Nessuno ha valorizzato il Castello di Tutino, con il suo fossato e con la sua misteriosa origine. Tutto intorno un degrado non di povertà ma culturale: dove c’era una casa a corte, ci sono le mattonelle verdi, dove c’era un’antica masseria ci sono due appartamenti orribili, pure disabitati. Il centro storico di Sant’Eufemia che era riuscito a sopravvivere quasi intatto ai terribili anni ’70 e ’80 non ha retto alle nuove lottizzazioni che sono andate a modificare radicalmente l’assetto del territorio.

Lucugnano ha un castello abbandonato, diviso come un condominio degradato, in mezzo alla tristezza di una piazza che è brutta e neanche funzionale. Depressa non è mai decollata, forse per colpa del nome, come ironizza lo stesso Winspeare. La bellezza la trovi al Porto e alla Serra, specie dove aristocratici, nobili e santi hanno escluso negli anni scorsi qualsiasi insediamento. Quando sono state elargite concessioni, magari a parenti, amici e politicanti, hanno effettivamente il sapore del cazzotto in due occhi.
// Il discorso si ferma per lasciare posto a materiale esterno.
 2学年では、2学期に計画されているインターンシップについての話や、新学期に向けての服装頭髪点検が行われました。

Mentre paesini come Melpignano diventavano punto di riferimento per un qualcosa, mentre Otranto decollava avendo una sola Chiesa, il popolo di Tricase, a cicli alterni, manda ad amministrarci gente che ha litigato seriamente fin da piccolo con la Cultura e la Bellezza e allora tutto si capovolge e tutto diventa uguale, inutile, fine a sé stesso.

Così pare non aver mai amato Palazzo Gallone, a suo tempo devastato, derubato e destrutturato. O l’ACAIT prima acquistata come un gioiello e poi lasciata a marcire in attesa di un’idea che fosse una (fino al crollo di questa settimana). Così come per il convento dei Domenicani, avvolto nel mistero degli uffici tecnici del nostro Comune, con cunicoli, trappole e nascondigli che nessuno ancora ha appieno esplorato.
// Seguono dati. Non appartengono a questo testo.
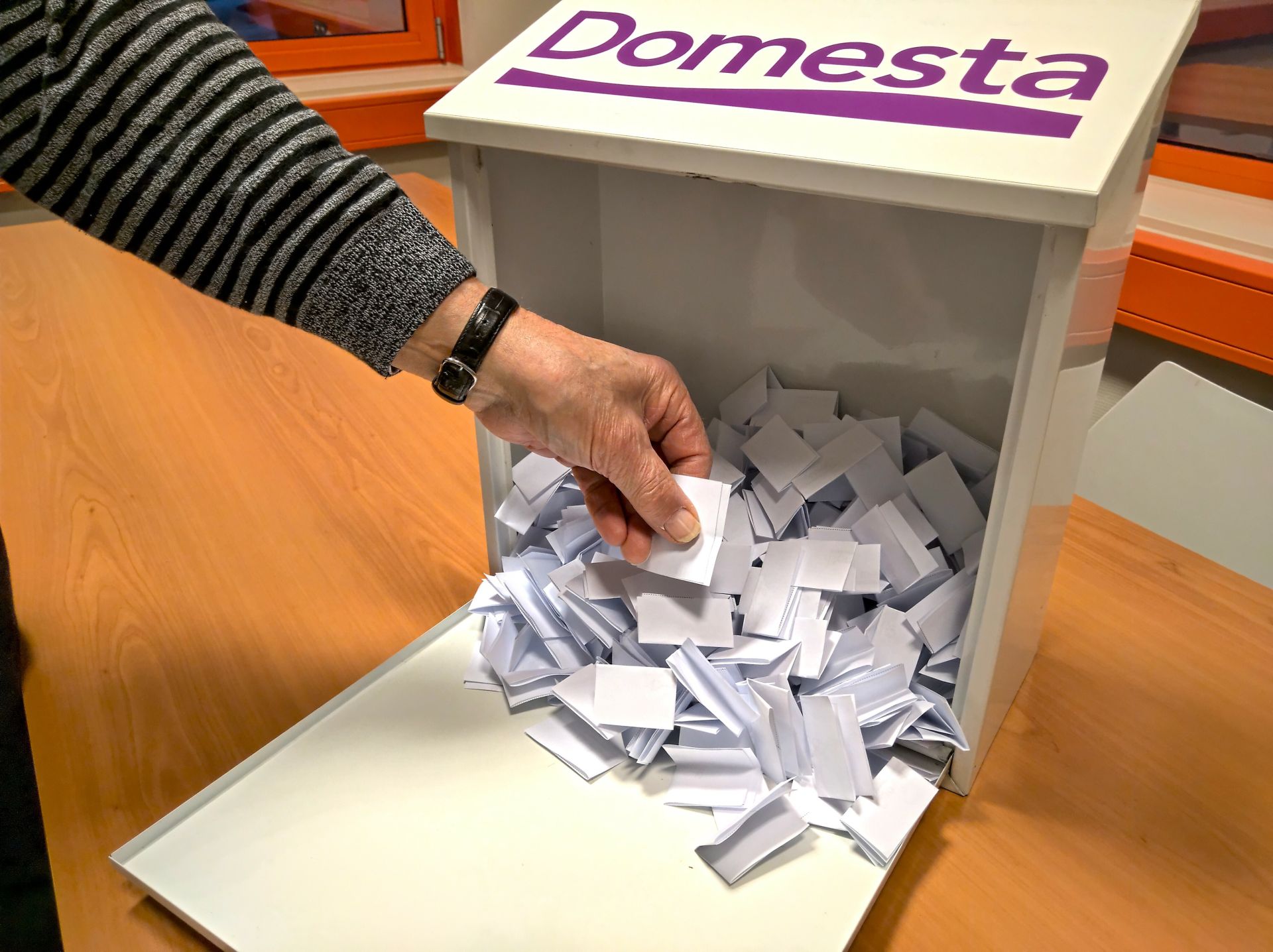 Ook voor onze consulenten Nicolien van der Meulen en Jeannette Hoff is dit een spannend moment. In de Domesta-brievenbus hebben ze alle nummers gestopt die meetellen voor de verloting. Elk nummer staat op de lijst, met daarachter iemand die zich heeft ingeschreven voor de verloting. Nicolien: “Er hebben zich veel mensen aangemeld om mee te doen. Voor de seniorenhuizen zijn 53 aanmeldingen, voor de eensgezinshuizen 346. Van allebei verloten we 2 huizen.” En dat betekent dat er vanavond 4 huizen worden verloot.

Poi, a cicli alterni, gli Eletti del Popolo decidono che una manifestazione internazionale sul cinema indipendente come il SIFF non ha alcuna importanza, e forse neanche altre manifestazioni più organiche, lungimiranti e attrattive, a meno che non sia una scorribanda televisiva o una passerella di quasi famose modelle e di quasi rimodellati modelli. E il popolo applaude con un buon grado di consapevolezza masochista.

E ogni volta, con gran fatica, bisogna ricominciare, bisogna lottare per una nuova ripartenza che ha un solo grande limite: non crea quel senso di continuità su un progetto di città condiviso. E ci fa sprofondare dentro un buco di ignoranza, questo sì sotterraneo, che però non ha la bellezza, l’odore e la storia di un frantoio ipogeo, di un castello o di una masseria con le pietre a secco. E tutti dicono: non c’è futuro senza storia e io aggiungo non ci sarà mai più arte nel futuro se non c’è l’osservazione del presente.

La specificità forse sta proprio in questo: nessuno dei nostri governanti, per un chilo di voti, ha mai detto che non si può costruire ovunque, che non è possibile distruggere tutta la storia, che non è possibile vivere senza memoria e senza nuovi stimoli. È ora di pretendere da tutti un atteggiamento più responsabile, più attento, meno superficiale, meno provincialotto. Per decifrare Tricase, per capire cosa vogliamo, non possiamo vivere altri decenni dentro un sotterraneo buio (vado a rileggere “Memorie dal sottosuolo” di Fëdor Dostoevskij).